■ Provided material ■
*** Begin section ***
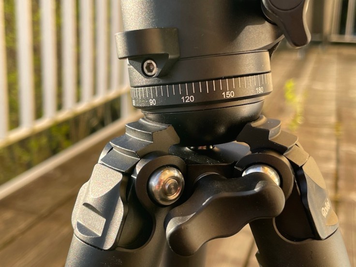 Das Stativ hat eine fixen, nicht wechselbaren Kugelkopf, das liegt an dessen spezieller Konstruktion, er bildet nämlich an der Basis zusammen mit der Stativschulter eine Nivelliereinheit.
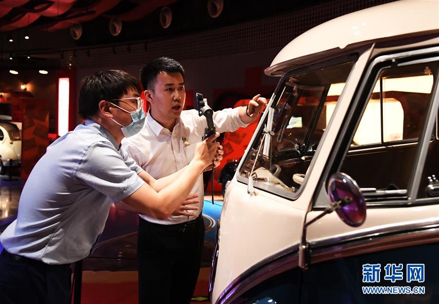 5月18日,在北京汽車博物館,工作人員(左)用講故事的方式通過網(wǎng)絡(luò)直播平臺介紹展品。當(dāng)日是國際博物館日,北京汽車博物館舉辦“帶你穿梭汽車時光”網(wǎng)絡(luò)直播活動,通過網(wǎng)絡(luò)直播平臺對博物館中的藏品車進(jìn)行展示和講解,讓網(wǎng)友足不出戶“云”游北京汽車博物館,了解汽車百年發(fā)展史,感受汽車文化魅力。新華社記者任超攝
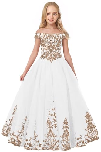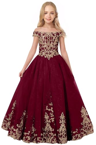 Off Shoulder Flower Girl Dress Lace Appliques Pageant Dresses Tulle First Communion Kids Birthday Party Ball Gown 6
*** End section ***
Output the material word for word. Pictures do not go in.

 Das Stativ hat eine fixen, nicht wechselbaren Kugelkopf, das liegt an dessen spezieller Konstruktion, er bildet nämlich an der Basis zusammen mit der Stativschulter eine Nivelliereinheit.
 5月18日,在北京汽車博物館,工作人員(左)用講故事的方式通過網(wǎng)絡(luò)直播平臺介紹展品。當(dāng)日是國際博物館日,北京汽車博物館舉辦“帶你穿梭汽車時光”網(wǎng)絡(luò)直播活動,通過網(wǎng)絡(luò)直播平臺對博物館中的藏品車進(jìn)行展示和講解,讓網(wǎng)友足不出戶“云”游北京汽車博物館,了解汽車百年發(fā)展史,感受汽車文化魅力。新華社記者任超攝
 Off Shoulder Flower Girl Dress Lace Appliques Pageant Dresses Tulle First Communion Kids Birthday Party Ball Gown 6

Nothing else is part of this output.